Затем прибыла полиция. Люди идеально управляли движением, и маленькая процессия двинулась к больнице. Бенни слегка прихрамывала; однажды она остановилась и оперлась на кудрявую светловолосую девушку, которую заметила за несколько секунд до несчастного случая.
— Извините, — сказала Бенни. — Не знаю, смогу ли я идти.
— Не за что. Вы повредили ногу?
Бенни осмотрела ногу и для пробы оперлась на нее.
— Нет, не очень. А как вы?
— Не знаю. Кажется, нормально. Может быть, даже слишком нормально. Через минуту все может измениться.
Перед ними несли носилки с Евой, белой как мел. Бенни подобрала ее сумочку, дешевую сумочку из пластика, несколько недель назад купленную матерью Фрэнсис в магазине Пегги Пайн и подаренную Еве перед ее отъездом в Дублин.
— Думаю, она поправится, — дрожащим голосом сказала Бенни. — Тот окровавленный человек, который вел машину, сказал, что она дышит и что пульс у нее нормальный.
Она так убивалась, что каждому хотелось обнять ее и приласкать, хотя Бенни была на голову выше большинства окружающих.
Девушка с красивым лицом, сейчас грязным и исцарапанным, девушка в хорошо сшитом темно-синем жакете, сейчас запачканном кровью и мокрой глиной, смотрела на нее с сочувствием.
— Этот человек — доктор. Он в таких вещах разбирается. Меня зовут Нэн Махон, а тебя?
Это был самый длинный день в их жизни.
Врачебный осмотр начался, но шел медленно. Мертвого мальчика полицейские взяли на себя. По крайней мере, пообещали сообщить о случившемся его родным. Они осмотрели его вещи. Почти на всех был адрес. В Дунлаогхейр отправили двух молодых полицейских.
— Вы сможете сказать ей, что все произошло мгновенно? — спросил Джон Фоли.
— Не знаю, — ответил рядовой. — А это действительно так?
— Да.
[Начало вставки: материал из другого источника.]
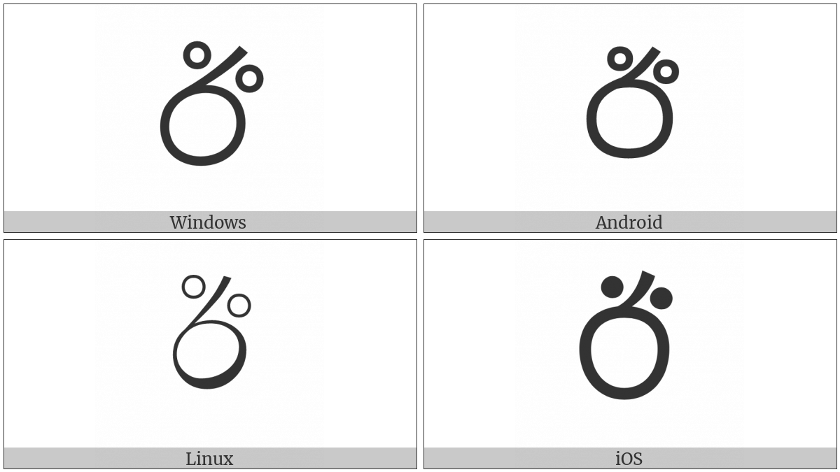 The image below shows how the “Sinhala Letter Iiyanna” symbol might look like on different operating systems. If the font in which this web site is displayed does not contain the symbol and there is no fallback font able to render it, you can use the image below to get an idea of what it should look like.

Возможно, это ее немного утешит, — мягко сказал Джон.
Но сержант придерживался другого мнения.
— Доктор, откуда вы знаете? Многих матерей утешила бы мысль, что перед смертью он успел покаяться в грехах.
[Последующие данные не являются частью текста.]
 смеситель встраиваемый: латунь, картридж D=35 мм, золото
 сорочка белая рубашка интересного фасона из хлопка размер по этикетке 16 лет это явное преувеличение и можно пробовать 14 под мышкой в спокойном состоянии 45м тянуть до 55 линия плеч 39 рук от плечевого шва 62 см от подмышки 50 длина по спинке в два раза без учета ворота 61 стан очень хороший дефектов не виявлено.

Джон Фоли отвернулся, чтобы не выдать свою досаду.
— И скажите ей, что это не его вина, — добавил он.
— Боюсь, мои люди не смогут… — начал сержант.
— Знаю, знаю, — устало ответил доктор.
— Конечно, мы дадим вам позвонить, — сказала медсестра, — но сначала вам нужно пройти осмотр. Потом вы сможете сообщить родителям, что с вами случилось. Так будет лучше.
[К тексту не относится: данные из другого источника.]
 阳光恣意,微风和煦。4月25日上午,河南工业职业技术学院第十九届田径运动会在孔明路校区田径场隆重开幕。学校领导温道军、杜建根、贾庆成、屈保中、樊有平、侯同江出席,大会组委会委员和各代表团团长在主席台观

Новости были хорошие: мелкие порезы, ничего серьезного. На всякий случай им сделают укол от столбняка и дадут легкое успокаивающее для снятия шока.
С Евой было хуже. Треснувшие ребра, небольшое сотрясение мозга, глубокий порез у края глаза и перелом запястья. Ей придется пробыть в больнице несколько дней. Возможно, неделю. Они хотели знать, кому сообщить об этом.
— Подождите минутку, — сказала Бенни.
— Вы должны знать, кто она. Вы же ее подруга. — Монахиня, прикрепленная к больнице, была сбита с толку.
— Да, но это не так легко.
— А как быть с ее бумажником?
— Там пусто. У нее нет близких родственников. Пожалуйста, дайте мне подумать. Я должна понять, что лучше.
Бенни ничего не хотела рассказывать родителям, но нужно было решить, какой из двух монахинь сообщить о несчастье с Евой. А вдруг Ева рассердится, если мать Фрэнсис узнает о ее невеселой жизни в монастыре, лжи и обстоятельствах, которые привели ее сначала на другой конец города, а потом на больничную койку?
И так ли ужасна мать Клер, как считала Ева?
В конце концов, эта женщина — монахиня. Если она посвятила себя Богу, то в ней должно быть что-то хорошее.
У Бенни заболела голова. Задача оказалась слишком трудной.
— Может быть, поделишься? Одна голова хорошо, а две лучше, — сказала Нэн Махон. Они сидели у стола и пили сладкий чай с молоком.